== Task directions ==
The whole listing below should be printed again exactly, with no images.

== Input data ==
*** Begin section ***

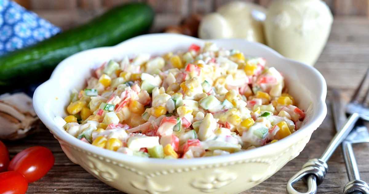 Перед готовкой проверьте крабовые палочки и кукурузу – они должны быть свежими и качественными. Перед подачей дайте салату настояться в холодильнике 15-20 минут.
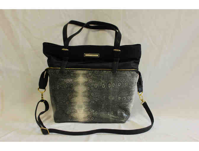 A large tote with snake-like bottom and zipper detail makes this smart bag both fun and practical. It features goldtone decorative trim and a long detachable strap. Bag measures 14" X 16".
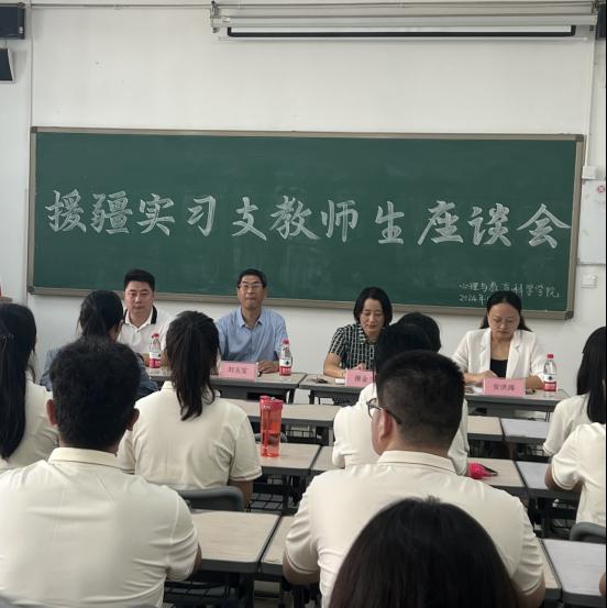 座谈会上,党委书记刘玉宝指出援疆支教工作是一项重要的政治任务,是为学校深化构建“大思政”育人格局和“五育并举”人才培养模式提供了有力支撑,对学生提出了三点要求:一要坚定正确的政治方向,秉承着“兼爱、尚贤、博物、戴行”校训,要用实际行动践行着“到祖国和人民最需要的地方去”的庄严承诺;二要坚决维护国家统一和民族团结,融入当地,服从管理,安全第一;三要肩负起教书育人的使命与担当,厚植情怀,增强本领,扎实工作,高标准高质量完成援疆任务。

*** End section ***

== Output of the exercise ==
 Перед готовкой проверьте крабовые палочки и кукурузу – они должны быть свежими и качественными. Перед подачей дайте салату настояться в холодильнике 15-20 минут.
 A large tote with snake-like bottom and zipper detail makes this smart bag both fun and practical. It features goldtone decorative trim and a long detachable strap. Bag measures 14" X 16".
 座谈会上,党委书记刘玉宝指出援疆支教工作是一项重要的政治任务,是为学校深化构建“大思政”育人格局和“五育并举”人才培养模式提供了有力支撑,对学生提出了三点要求:一要坚定正确的政治方向,秉承着“兼爱、尚贤、博物、戴行”校训,要用实际行动践行着“到祖国和人民最需要的地方去”的庄严承诺;二要坚决维护国家统一和民族团结,融入当地,服从管理,安全第一;三要肩负起教书育人的使命与担当,厚植情怀,增强本领,扎实工作,高标准高质量完成援疆任务。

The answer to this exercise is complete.